Spin chains and string theory

TL;DR

The paper shows that the one-loop dilatation operator for a class of ${ m cal N}=4$ SYM operators is equivalent to a ferromagnetic Heisenberg spin chain and that its long-wavelength limit reproduces a sigma model identical to the string worldsheet action for rotating strings in $AdS_5\times S^5$ in the large-$J$ regime. It provides explicit matching between Bethe-ansatz results and semiclassical string solutions, and demonstrates a coherent-state mapping whereby the mean spin at a site corresponds to the bulk position of the string. The work argues for a more precise formulation of the AdS/CFT correspondence in the large-$N$ limit, suggesting that the all-loop spin-chain dynamics encode the classical string action and potentially offering a route to string duals of other gauge theories.
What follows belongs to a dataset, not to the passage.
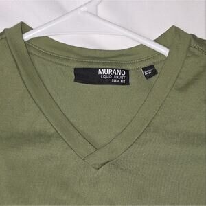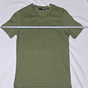 Casual olive tee with a V-neck design. Soft fabric for everyday comfort. Ideal for relaxed style.

It also discusses extensions to higher loops and the interpretation of the center-of-mass motion within this framework.

Abstract

Recently, an impressive agreement was found between anomalous dimensions of certain operators in N=4 SYM and rotating strings with two angular momenta in the bulk of AdS5xS5. A one-loop field theory computation, which involves solving a Heisenberg chain by means of the Bethe ansatz agrees with the large angular momentum limit of a rotating string. We point out that the Heisenberg chain can be equally well solved by using a sigma model approach. Moreover we also show that a certain limit, akin to the BMN limit, leads exactly to the same sigma model for a string rotating with large angular momentum. The agreement is then at the level of the action. As an upshot we propose that the rotating string should be identified with a coherent, semi-classical state built out of the eigenstates of the spin chain. The agreement is then complete. For example we show that the mean value of the spin <S> gives, precisely, the position of the string in the bulk. This suggests a more precise formulation of the AdS/CFT correspondence in the large-N limit and also indicates a way to obtain string theory duals of other gauge theories.